Entries taken from a collection:

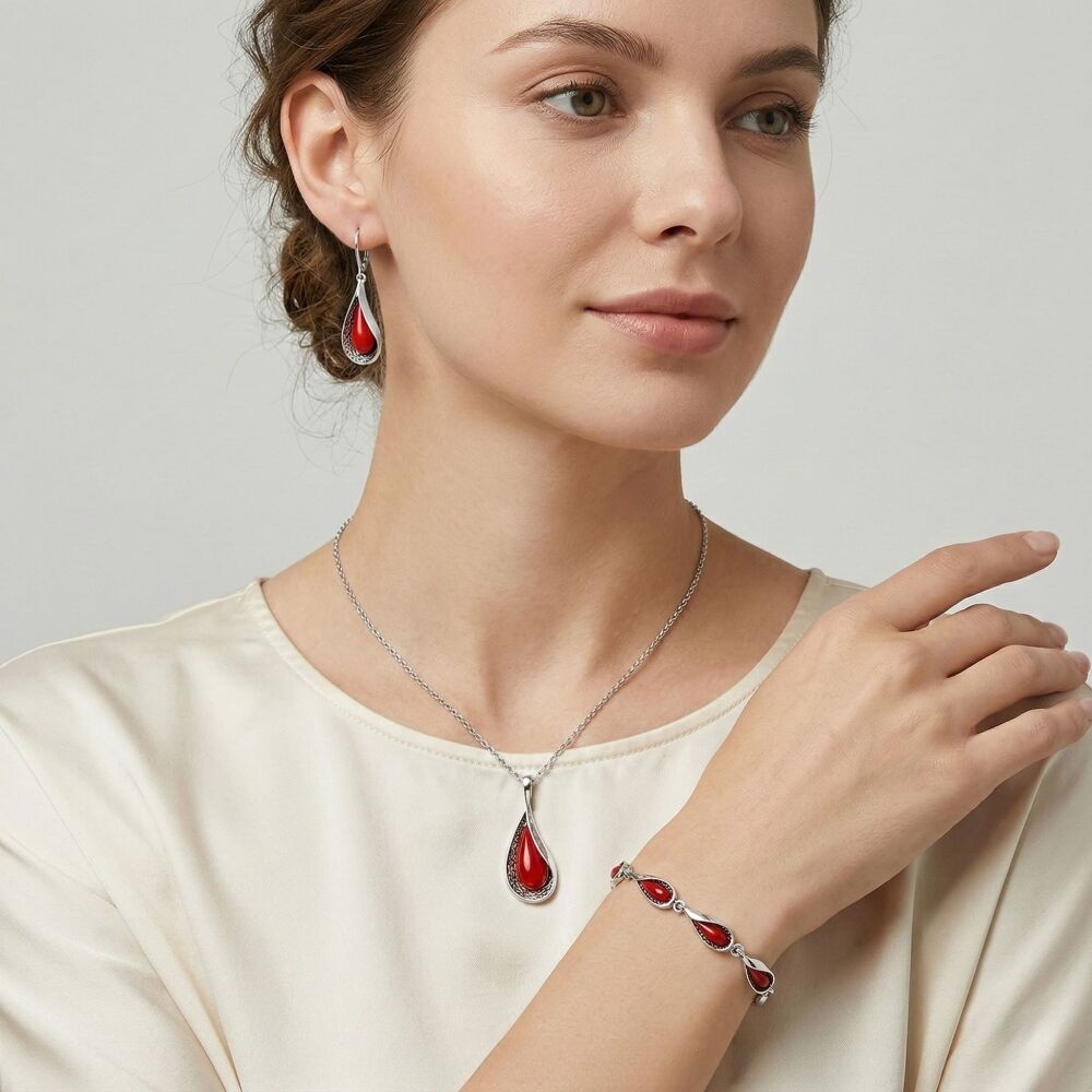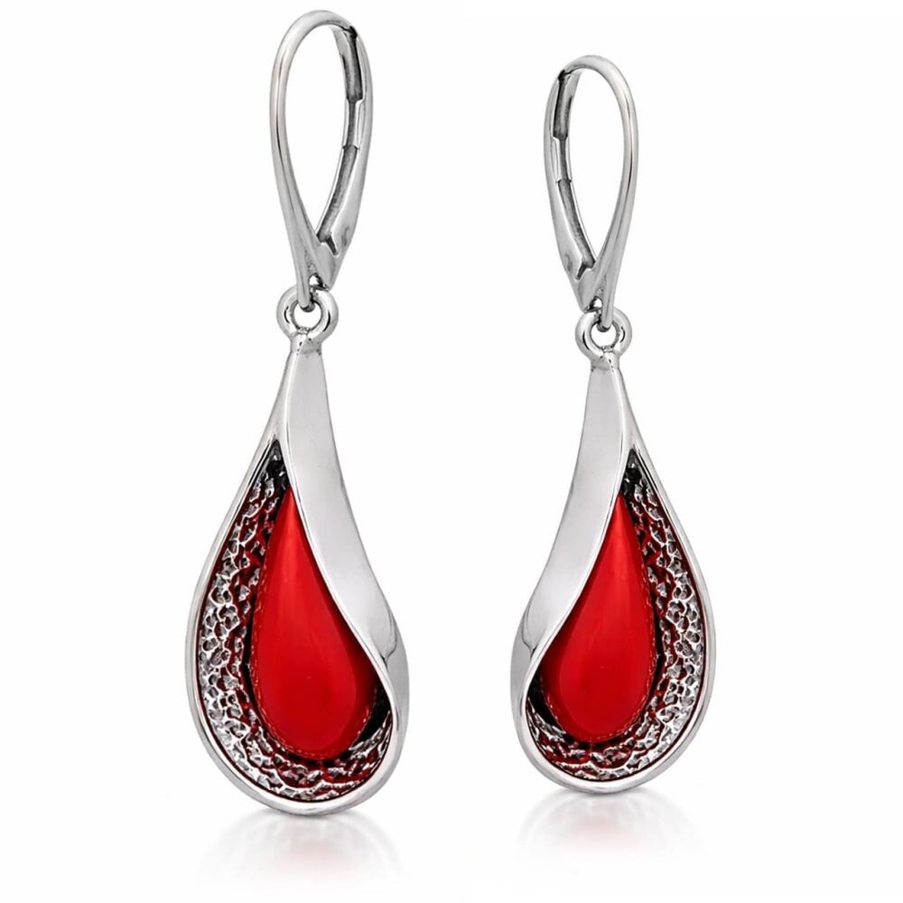 Kolczyki srebrne z koralem wiszące Srebro 925
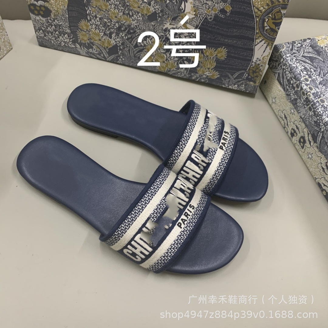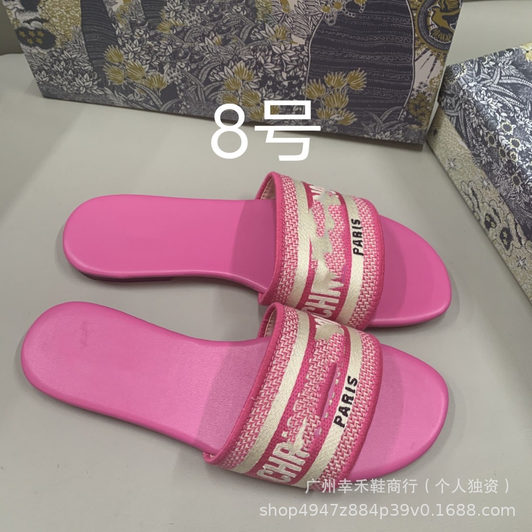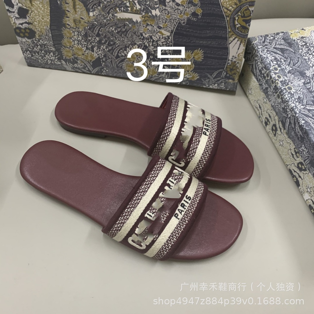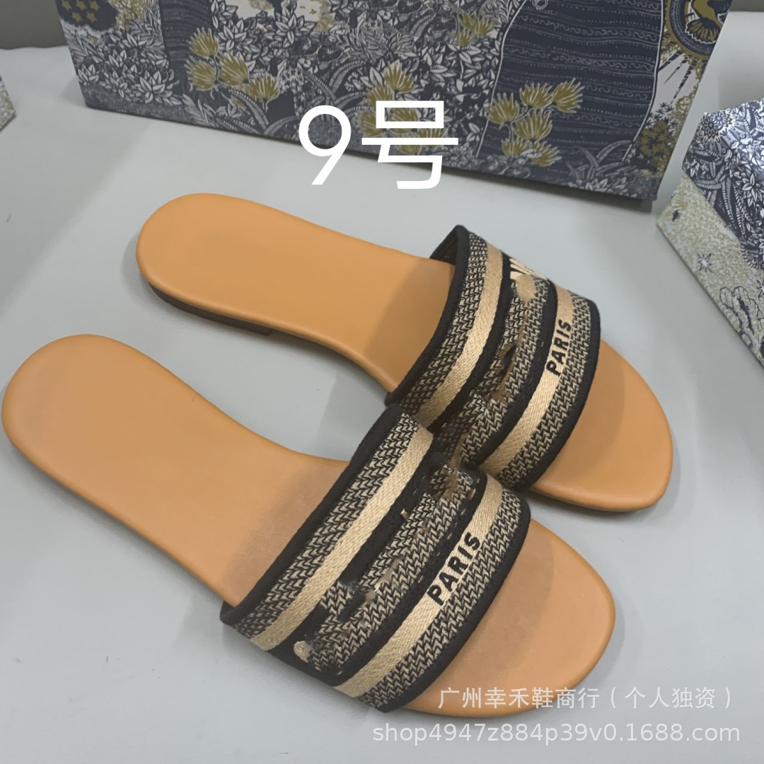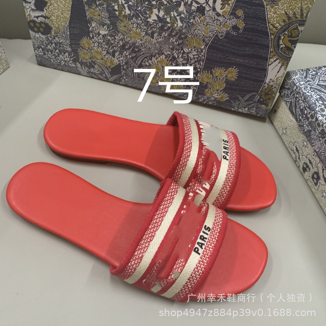 D 브랜드 슬리퍼 자수 비치 슬리퍼 여성용 플랫 슬리퍼 캐주얼 패션 자수 스타일 플랫힐
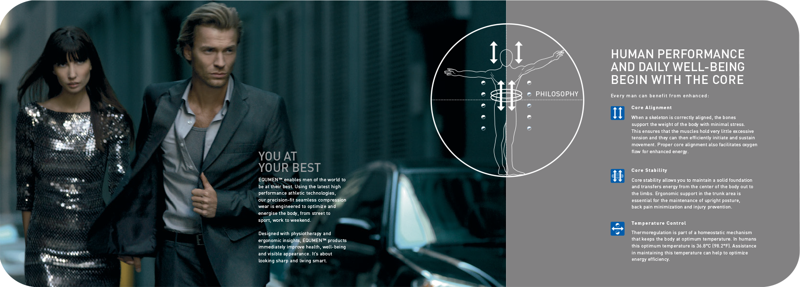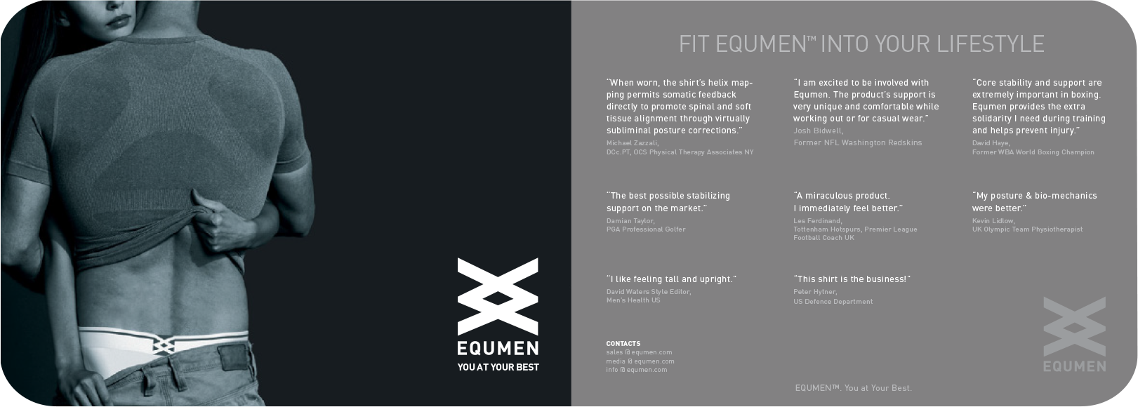 Rooted in proprietary Helix Mapping™ technology and informed by physiotherapy and fashion design, the brand delivers high-performance compression garments that move seamlessly from work to sport, and from street to suit. More than underwear, EQUMEN™ is about standing taller, moving better, and feeling quietly dialed in every day, supporting real men through considered design, functional innovation, and a refined global aesthetic.
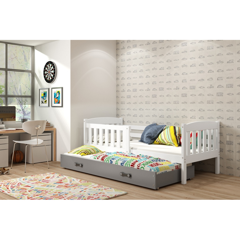 Kinderbett mit Zustellbett ohne Matratzen 90x200 BRIGID – Weiß / Graphit
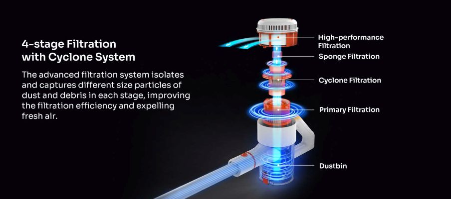 - 4 stage filtration with a cyclone system to separate different sized dust particles
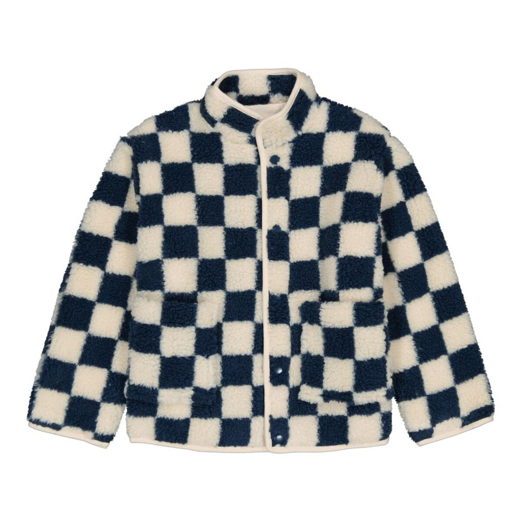 Warm fleece jacket in blue and ecru checks. Features turtleneck collar and two front pockets. Lining in cotton Closure with snap buttons.
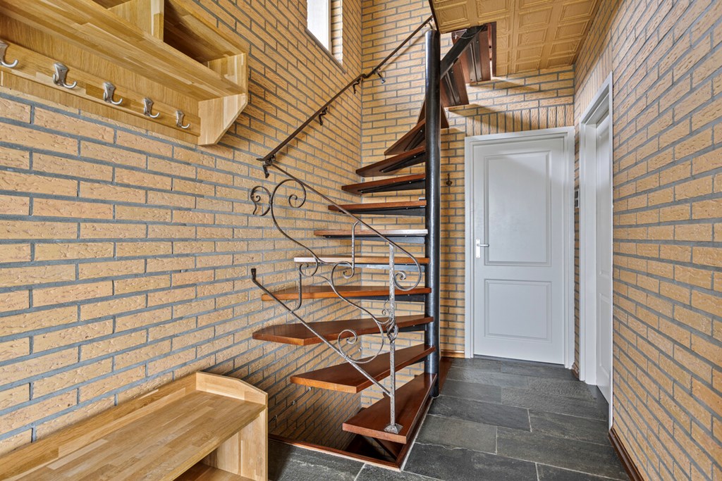 Via de voordeur treedt u de woning binnen in een ruime hal met schoonmetselwerkwanden uitgevoerd met steenstrips en een vloer met leisteen tegels. In de hal bevindt zich de meterkast en trapopgang naar de eerste verdieping. Vanuit de hal is er tevens toegang tot de 2 aansluitende kelders met een oppervlakte van ca 8 m² en 10 m² en is er doorgang naar de woonkamer.
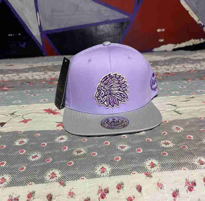 Gorra estilo snapback en color morado con visera gris. Diseño moderno y juvenil, perfecta para uso diario.
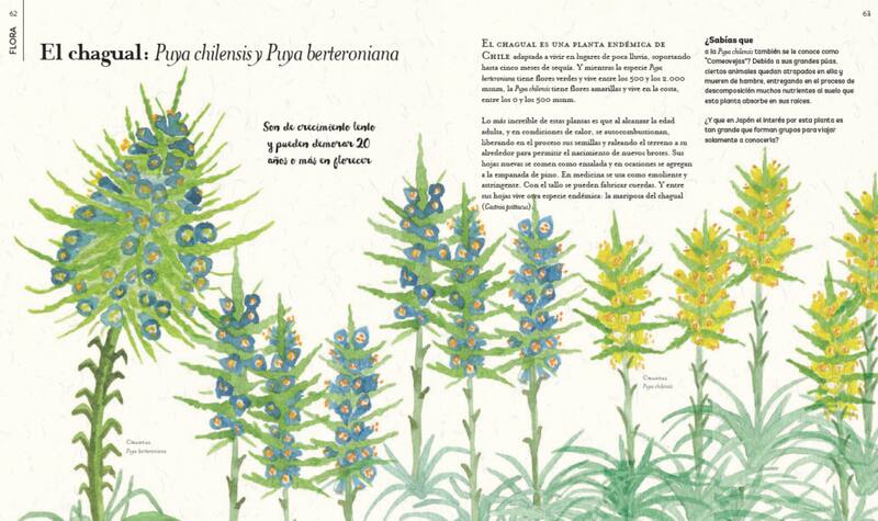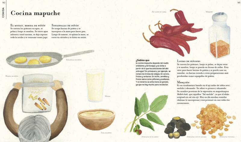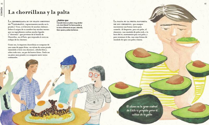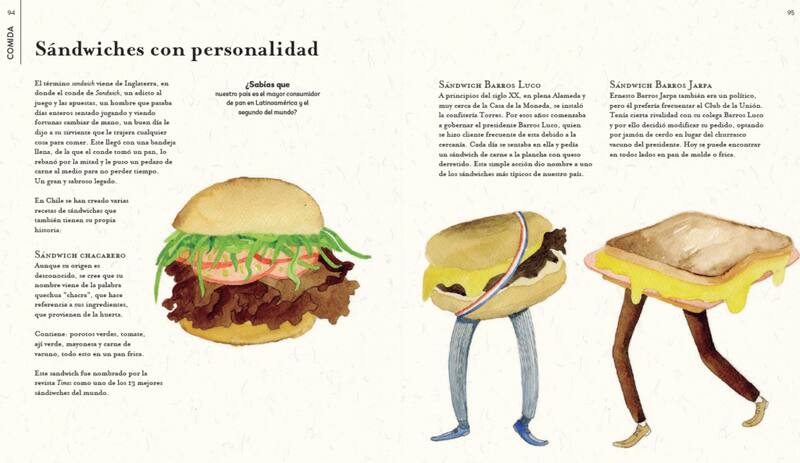 El libro parte mostrando la flora del altiplano, donde destacan el cactus candelabro y la llareta; al seguir leyendo van apareciendo el picaflor de Arica hasta llegar incluso a la preparación de la paila marina. En Santiago destacan el Parque Metropolitano de Santiago y sus teleféricos; los sándwiches como el chacarero, el barros luco o barros jarpa que se pueden comer en la Confitería Torres, entre varios otros lugares. Ya en el sur se encuentran recetas de comida mapuche, como las sopaipillas de piñón, el uso del merquén y la importancia de comer los alimentos según la estación. En Aysén aparecen los bosques de Nothofagus, el huemul, pudú y guanaco. Avanzando los pingüinos, las Torres del Paine y la ensalada de centolla. En resumen, una guía que homenajea a los paisajes y a las personas de Chile.
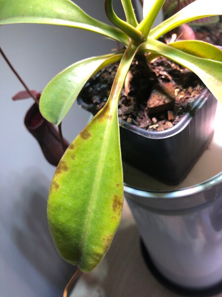na jednym z liści mojego dzbanka pojawiły się takie plamy, czyżby był to grzyb? Jaką terapię zastosować? Sam topsin wystarczy?
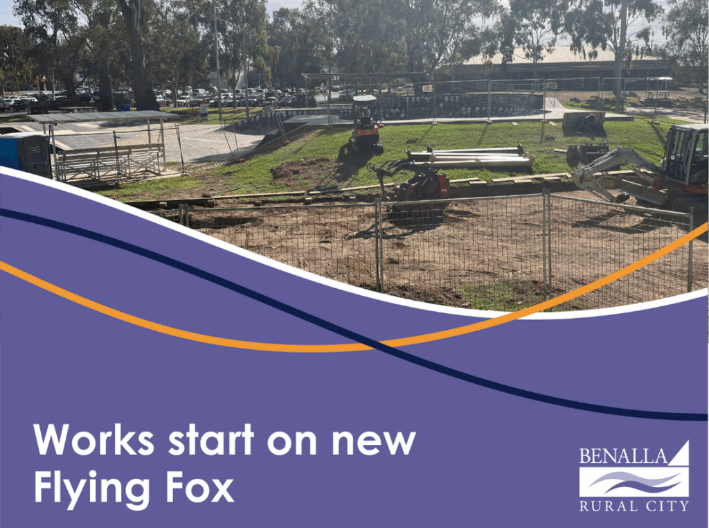 Following the installation of the flying fox, Council will begin work on a new pump track, supporting infrastructure, and a network of accessible paths throughout the precinct. These upgrades form part of a $1 million grant from Sport and Recreation Victoria, secured through Council’s master planning and grant advocacy efforts to deliver inclusive, high-quality recreational spaces for the Benalla Rural City community.

> [WHAT YOU SHOULD DO]
Without including any picture, set down every line above exactly as it stands.

> [ANSWER SPACE]
 Kolczyki srebrne z koralem wiszące Srebro 925
 D 브랜드 슬리퍼 자수 비치 슬리퍼 여성용 플랫 슬리퍼 캐주얼 패션 자수 스타일 플랫힐
 Rooted in proprietary Helix Mapping™ technology and informed by physiotherapy and fashion design, the brand delivers high-performance compression garments that move seamlessly from work to sport, and from street to suit. More than underwear, EQUMEN™ is about standing taller, moving better, and feeling quietly dialed in every day, supporting real men through considered design, functional innovation, and a refined global aesthetic.
 Kinderbett mit Zustellbett ohne Matratzen 90x200 BRIGID – Weiß / Graphit
 - 4 stage filtration with a cyclone system to separate different sized dust particles
 Warm fleece jacket in blue and ecru checks. Features turtleneck collar and two front pockets. Lining in cotton Closure with snap buttons.
 Via de voordeur treedt u de woning binnen in een ruime hal met schoonmetselwerkwanden uitgevoerd met steenstrips en een vloer met leisteen tegels. In de hal bevindt zich de meterkast en trapopgang naar de eerste verdieping. Vanuit de hal is er tevens toegang tot de 2 aansluitende kelders met een oppervlakte van ca 8 m² en 10 m² en is er doorgang naar de woonkamer.
 Gorra estilo snapback en color morado con visera gris. Diseño moderno y juvenil, perfecta para uso diario.
 El libro parte mostrando la flora del altiplano, donde destacan el cactus candelabro y la llareta; al seguir leyendo van apareciendo el picaflor de Arica hasta llegar incluso a la preparación de la paila marina. En Santiago destacan el Parque Metropolitano de Santiago y sus teleféricos; los sándwiches como el chacarero, el barros luco o barros jarpa que se pueden comer en la Confitería Torres, entre varios otros lugares. Ya en el sur se encuentran recetas de comida mapuche, como las sopaipillas de piñón, el uso del merquén y la importancia de comer los alimentos según la estación. En Aysén aparecen los bosques de Nothofagus, el huemul, pudú y guanaco. Avanzando los pingüinos, las Torres del Paine y la ensalada de centolla. En resumen, una guía que homenajea a los paisajes y a las personas de Chile.
na jednym z liści mojego dzbanka pojawiły się takie plamy, czyżby był to grzyb? Jaką terapię zastosować? Sam topsin wystarczy?
 Following the installation of the flying fox, Council will begin work on a new pump track, supporting infrastructure, and a network of accessible paths throughout the precinct. These upgrades form part of a $1 million grant from Sport and Recreation Victoria, secured through Council’s master planning and grant advocacy efforts to deliver inclusive, high-quality recreational spaces for the Benalla Rural City community.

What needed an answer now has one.